Energy in New Zealand

Electricity in New Zealand is mainly derived from renewable energy sources like hydro, geothermal and wind. Find your local electricity provider here. Water in New Zealand has strict safety standards and can be safely drunk from the tap. Find your local water provider hereGas is a lot less common in New Zealand as the country strives on renewable energy sources. In case you’re still interested in gas; find your local gas provider here.

Cell Phone and Internet in New Zealand

If you have an unlocked cell phone, it will be easy to simply insert a SIM card upon your arrival. If your phone is not unlocked, you may have to purchase a new phone on a contract. For around $48 USD per month you can get 5 GB of data, unlimited calling & texting and unlimited data at slow speeds after you have used up the 5 GB. The internet in New Zealand is widely accessible and prices are similar to the US. The internet in New Zealand is not known for the fastest speeds, but you can still rely on it.
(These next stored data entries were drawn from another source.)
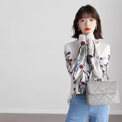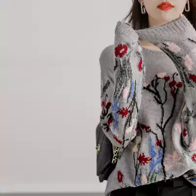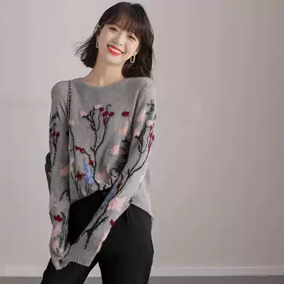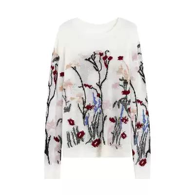 FENPERATE embroidered flowers thin through knitted top mohair cashmere hollow 2021 spring and autumn pullover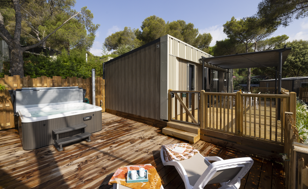 Nos mobil homes sont des joyaux de confort et de modernité. Pouvant accueillir entre 2 et 6 personnes en fonction du modèle, ils disposent tous de la climatisation, de chambres spacieuses et confortables, d’une salle d’eau accueillante avec toilettes séparés, d’une pièce de vie au design élégant et moderne, et d’une cuisine avec tout l’équipement nécessaire pour des vacances conviviales et chaleureuses en famille ou entre amis. Tous nos mobil homes bénéficient d’une grande terrasse en bois agrémentée d’une végétation soignée, garantissant l’intimité de tous. Que le mobil home soit au cœur de la pinède avec vue sur les collines, ou côté mer avec une vue mer partielle, toutes nos locations de vacances sont situées à quelques minutes à pied de la mer, permettant de laisser le véhicule stationné à côté de votre location de vacances et de partir en toute insouciance à la plage, cheveux au vent.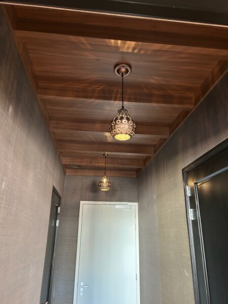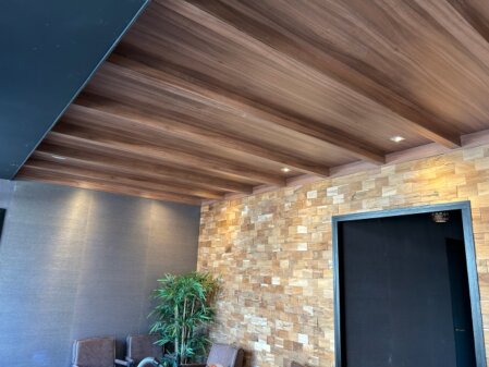 Ook voor een plafond in dit fraaie notenhouten design, draaien we onze hand niet om!

Some of the main cell phone and internet providers include Spark, 2Degrees and Vodafone

9. The Essential Insurance Coverage in New Zealand

Private health insurance in New Zealand 

You may not have access to New Zealand’s free health system as soon as you arrive which is why you should consider getting private health insurance beforehand. Even if you do have access to the public system, it is a good idea to get private health insurance to speed up wait times for non-emergency procedures. Some of the recommended private health insurer’s are Kiwicover, AA Insurance and Pacific Prime.

Home insurance in New Zealand - Beware of Earthquakes

New Zealand has thousands of earthquakes every year. To prevent spending large amounts of money on accidental damages from earthquakes, consider getting home insurance. AMI, Tower and AA Insurance are all reliable choices for home insurance in New Zealand. 

Car insurance in New Zealand 

Unlike many countries, it is not mandatory to purchase car insurance in New Zealand. However, it is recommended to get the minimum which is third party liability insurance. Some of the recommended car insurer’s in New Zealand are AMI, State and Protecta

10. Cost of living in New Zealand

Moving to Auckland in New Zealand is the choice of many Americans due to the high quality of life. The average cost of living in Auckland is $2700 USD per month.

Cost of living for a couple in Auckland, NZ per month

Expense

USD$

Rent for 1 bedroom apartment

$1500

Utilities (gas, water, electricity, cell phone, internet)

$258

Groceries

$475

Entertainment (eating out & leisure)

$240

Insurance 

$105

Other (material goods)

$120

11. Tips when doing Groceries in New Zealand

Groceries in New Zealand can be quite expensive because the country imports a lot of their food. Sticking to the main supermarket chains like New World, Countdown and Pak’nSave can help you save money on groceries. Pak’nSave is known to be the most affordable grocery store in New Zealand.

Most grocery stores are open 7 days a week like in the US. Single-use plastic bags are banned so make sure you bring a reusable one. Like in the US, corner stores sell milk at a better price than in grocery stores. 

What to Expect from your New Life in New Zealand

In New Zealand you will see picturesque sceneries and you’ll hear a lot about rugby. Don’t be surprised if you move there in July and the weather is chilly; the seasons are reversed due to their location in the southerner hemisphere. Expect to eat a lot of sea food and watch out for the earthquakes and volcanos!